Another very important finding was the KPS, with Karnofsky scale scoring “high” in 59% of the cases. Such a good performance should have played some role in delaying the diagnosis, for we had on the other side, a very important number of cases staging at the fourth stage (TNM), with exactly 66% of the patients at the most advanced stage in the moment of diagnosis. Regarding the KPS we grouped the scores under the denominations of “low” when such a score was 10–40; “medium” when the score was 50–70 and “high” for the scores 80–100, such a grouping of scores has been applied from other sources as well [23, 24].

5. Conclusion

The present study, while confirming the general medical concern regarding a possible increasing trend of lung cancer among Albanian women, raises two important issues. First, the fact that second-hand smoking role has to be scrutinized seriously and measured to be applied, when dealing with a majority of female lung cancer patients that self-referred as “nonsmokers”. Second, the fact that a large number of newly diagnosed lung cancer patients were already in advanced TNM stages albeit the performance status (KPS) was generally high requires a thorough revision of preventive medical policies and diagnostic procedures at the primary level of medical care that are obviously lacking the ability to early diagnose a potentially lethal disease.

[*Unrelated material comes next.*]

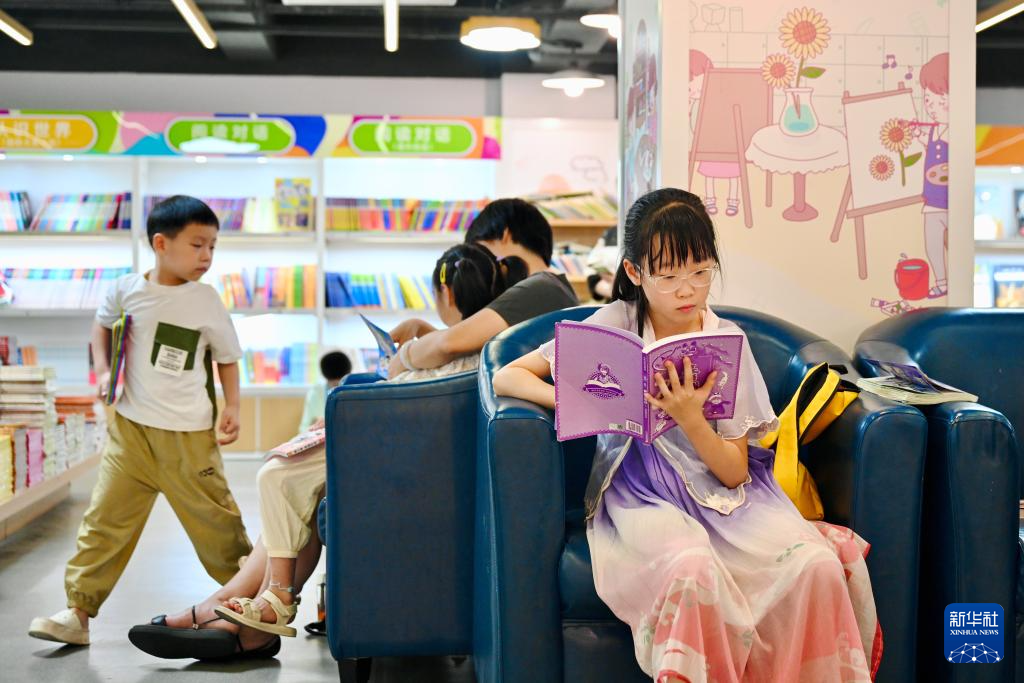 7月6日,小朋友们在福州新华书店鳌峰坊书城内读书纳凉。

Since the initial clinical signs of this malignant disease are far from being specific or pathognomonic, guidelines for early referral and investigation are proposed and applied, with meaningful results [25]. This study tries to clarify some of the factors that have concerned Albanian clinicians recently regarding the trend of lung cancer among females. Albeit the sample is relatively small and the time length of the study is short, it is worth mentioning that parallel studies are difficult to find; paucity of sources has made comparative international conclusions, with Albania mentioned, rarely, if ever [26].